Term: Spring 2023
Place: Levine Hall 101
No Zoom but Panopto recordings available.
Time: Monday & Wednesday, 12:00 PM - 1:30 PM
( first class 1/11)
Email: kostas@cis.upenn.edu
Office: 472 Levine Hall
Office Hours: Wed 1:30-3p (outside Levine 472)
CIS580 is an introduction to the problems of computer vision and machine perception that can be solved using geometrical approaches rather than statistical methods, with emphasis on analytical and computational techniques. This course is designed to provide students with an exposure to fundamental mathematical and algorithmic techniques that are used to tackle challenging image-based modeling problems. The content of this course finds application in the fields of Artifical Intelligence and Robotics. Some of the topics that are covered are: Signal processing, projective geometry, camera calibration, image formation and transformations, computational stereopsis, and structure from motion.
Prerequisites: No prior experience with computer vision is assumed, however the following skills are necessary for this class: Mathematics (Linear algebra, vector calculus, and probability), data structures (representing images as features and geometric constructions) and programming.
Textbook References:
Multiple View Geometry in Computer Vision by Richard Hartley and Andrew Zisserman (optional)
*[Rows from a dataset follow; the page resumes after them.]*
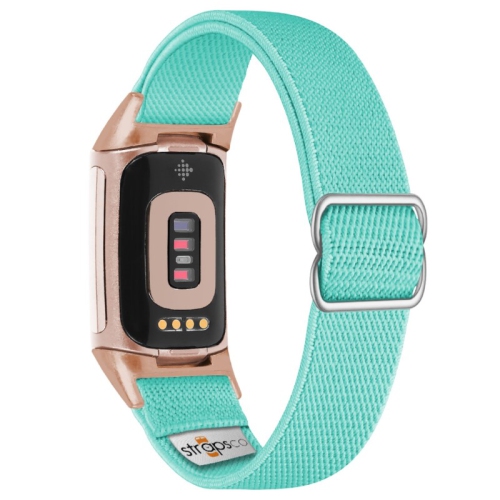 Nylon Stretch Band for Fitbit Charge 5 - Mint - Rose Gold Adapter
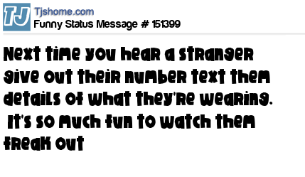 - # 106255 Next time you over hear a stranger giving out their number. Text them details of what they are wearing. It's so fun to watch them freak out!
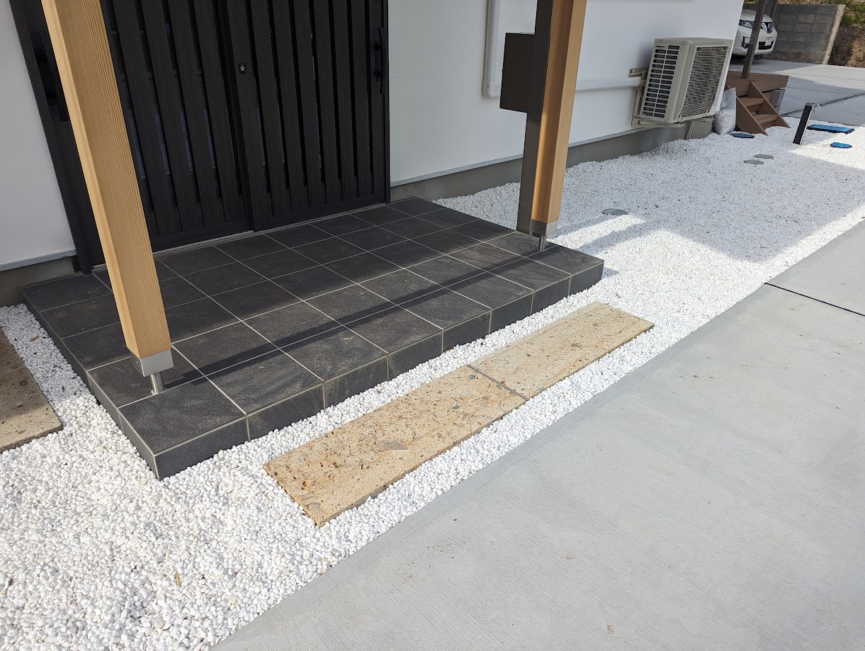 秋保石を使ってみたくて玄関ポーチ手前に飛び石として敷きました。雰囲気つくりに白の玉砂利でデコっております(*^-^*)
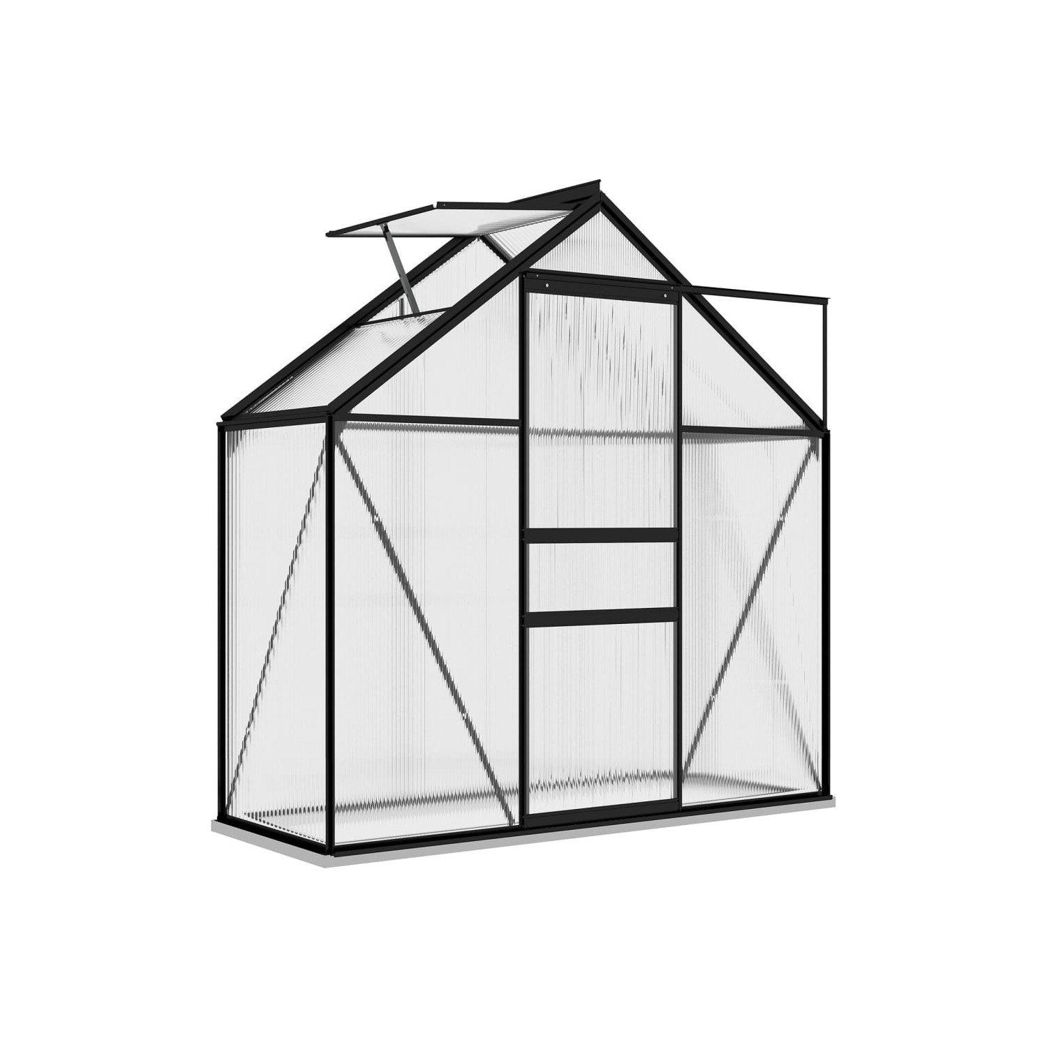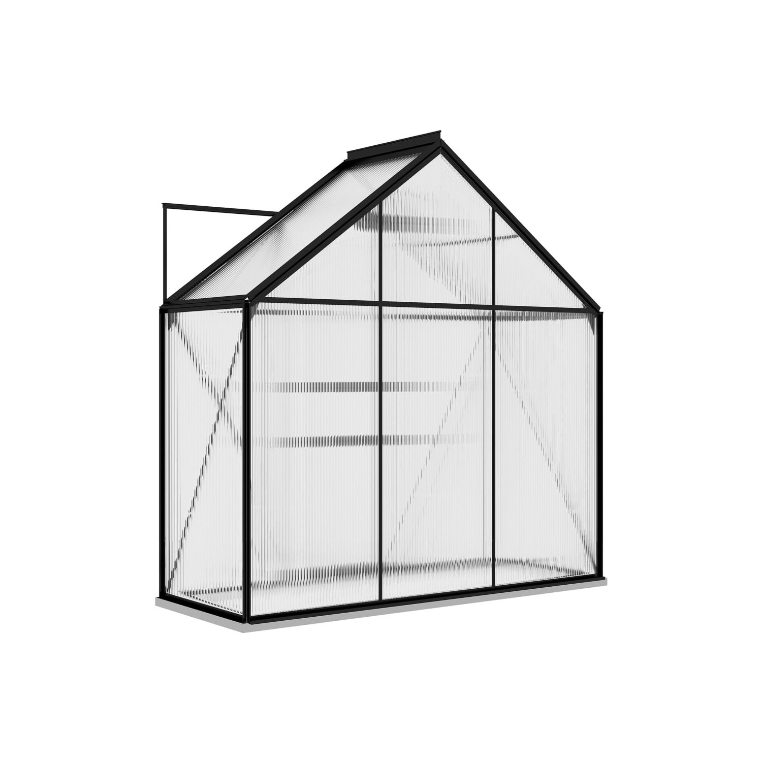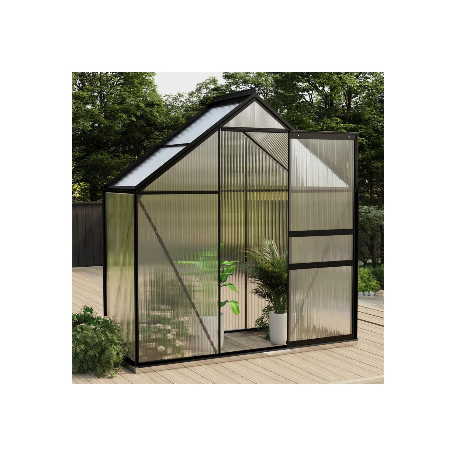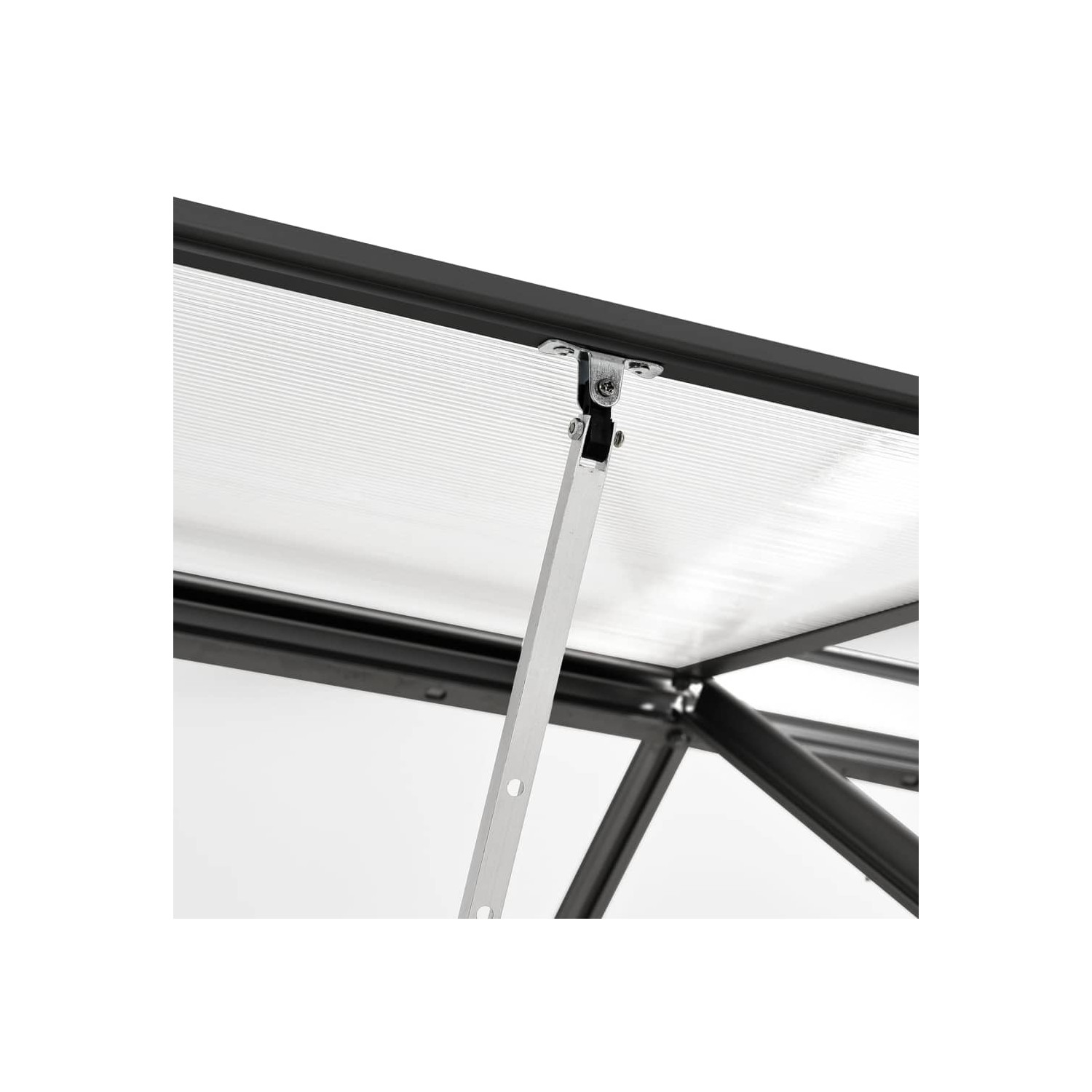 Aceasta sera, realizata din panouri de policarbonat, este rezistenta la raze UV si izolata termic. Pentru un plus de stabilitate, sera are o constructie robusta din aluminiu, care nu necesita intretinere.

Elements of Geometry for Computer Vision and Computer Grahics by Tomas Pajdla
Grading Policy:
Homework: 60%, Midterm 1: 20%, Midterm 2: 20%
Late Policy: 5 total late HW days without penalty for the semester
This term we will be using Piazza for class discussion. The system is highly catered to getting you help fast and efficiently from classmates, the TA, and myself. Rather than emailing questions to the teaching staff, I encourage you to post your questions on Piazza. If you have any problems or feedback for the developers, email team@piazza.com.Find our class signup link at: https://piazza.com/upenn/spring2023/cis5800
Last year's website: CIS 580 Spring 2022
Kostas Daniilidis: Wed 1:30 - 3:00pm (outside Levine 472)
Anthony Bisulco: Mon 1:30 - 2:30pm (outside Levine 472)
Agelos Kratimenos: Mon 5:00 - 6:00pm (Levine 4th floor bump space)
Malakhi Hopkins: Wed 4:00 - 5:00pm (Zoom)
Yufu Wang: Thur 1:30 - 2:30pm (Levine 4th floor bump space)
Email: abisulco@seas.upenn.edu
Email: agelosk@seas.upenn.edu
Email: mhopki3@seas.upenn.edu
Email: yufu@seas.upenn.edu
University of Pennsylvania's CIS department encourages collaboration among graduate students. However, it is important to recognize the distinction between collaboration and cheating, which is prohibited and carries serious consequences. Cheating may be defined as using or attempting to use unauthorized assistance, material, or study aids in academic work or examinations. Some examples of cheating are: collaborating on a take-home exam or homework unless explicitly allowed; copying homework; handing in someone else's work as your own; and plagiarism. Any student suspected of cheating will be reported to the Office of Student Conduct.